Some of the ingredients: free to play, every action prompts a IAP (wait or pay), quick&easy progress in beginning, instantly addictive, competitive (leaderboards&prizes), social pressure (you have to join a clan and fight for it) etc. All of this very well executed in a great game.
Edit: So, the author's point that they 'just executed proven idea better and added content' is not the reason why they are so successful. It's the starting point. Real innovation here is that they are probably among the first who really focus on conversion optimization in games.
I'm the author and I highly doubt that. They are far from the first company to really focus on conversion optimization.
I paid a statistician to reverse engineer the economy of Dragonvale, Tap Pet Hotel and Tap Zoo. All of the games follow a VERY similar pattern on every stat. Here is an example on XP and Level ratios:
We've done ton of research on this and most of these games copy each others economy very closely.
I could go on about that forever, but go play Galaxy Life and then Clash of Clans. You'll see it's the EXACT same tutorial story and setup. I mean, screen for screen. I'm not hating, it's just the nature of the business.
The fact is this:
Innovation is a risky business model. The companies can see what worked, tweak the theme and add to the game content, and have a MUCH higher chance of success.

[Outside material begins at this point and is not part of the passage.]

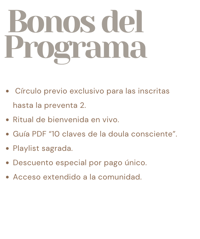 -Circulo previo exclusivo para las inscritas hasta la preventa 2.
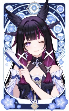 ,black hair,long hair,blunt bangs,multicolored hair,gradient hair,pink hair,purple hair,streaked hair,two-tone hair,very long hair,wings hair ornament,colored inner hair,purple eyes,shaonv symbol-shaped pupils,

I agree that those monetization patterns aren't unique to them, but they are fairly recent trends in gaming, in general. Well, Valve innovated something with TF2 free-to-play model. And now, with IAPs and stuff, I think more game developers are consciously focusing on tricks in conversion optimization. Not just 'how to make a fun game that everyone will buy'.
Of course, that doesn't help if the actual game isn't good/addictive enough, which might be the case with Galaxy Life (or app market dynamics/luck/anything). However, Supercell probably 'recreated' it just because they saw a great monetization potential in that type of game.
The first few games to use an exponential XP curve may have copied each other, but by now basic things like this are simply conventional wisdom in game design.
>Innovation is a risky business model. The companies can see what worked, tweak the theme and add to the game content, and have a MUCH higher chance of success.
Sorry for the hijack, but this is a key point to understanding why we need some kind of patent system. Thanks for this comment that I can come back to whenever there's another patent fight. :)
You paid someone to tell you and XP is an exponential function of Level? Every game since D&D in 1974 (and probably earlier) has had that.
Heck, the human ear has an exponential relationship between air pressure and perceived loudness. As does the human eye for light and perceived brightness.
Haha, no. I did not pay someone to do that. I paid someone to find out how much of these economies are copied. We had numbers for everything including cost of unit per level, earn rate per minute per level, etc.
Everything followed the same pattern, not just level and XP.
It really stood out when you said that you paid an statistician to analyze these games. I assume you did it to understand and try to replicate the successes of the top grossing games. What did you learn that was surprising? Did this level of analysis help you make better games?
I enjoyed your talk recorded last year. There was a time when you felt that doing a game is too competitive and it may be better to do some other app. What are your thoughts now?
Clash of clans is a great game. I have played it nearly every day since I've downloaded it. Am I a zombie, sucked in to the compulsion loop so tightly that I can't escape? No. iOS games are not habit-forming drugs. They're pixels on a screen.
I play every day because it's fun as hell. I love searching for opponents, analyzing their bases, discovering their weaknesses, and exploiting them with my troops. I love building my clan and getting higher on the leaderboard. I love discussing the ever-shifting optimal layout metagame with my clanmates. These things are FUN.
Yes, games use certain tactics that when examined naively look like manipulation machines. But that's fucking hogwash. Clash of clans is #1 top grossing because it's hands-down the most widely accessible, deep, and fun strategy game for the iPhone. Nothing comes close.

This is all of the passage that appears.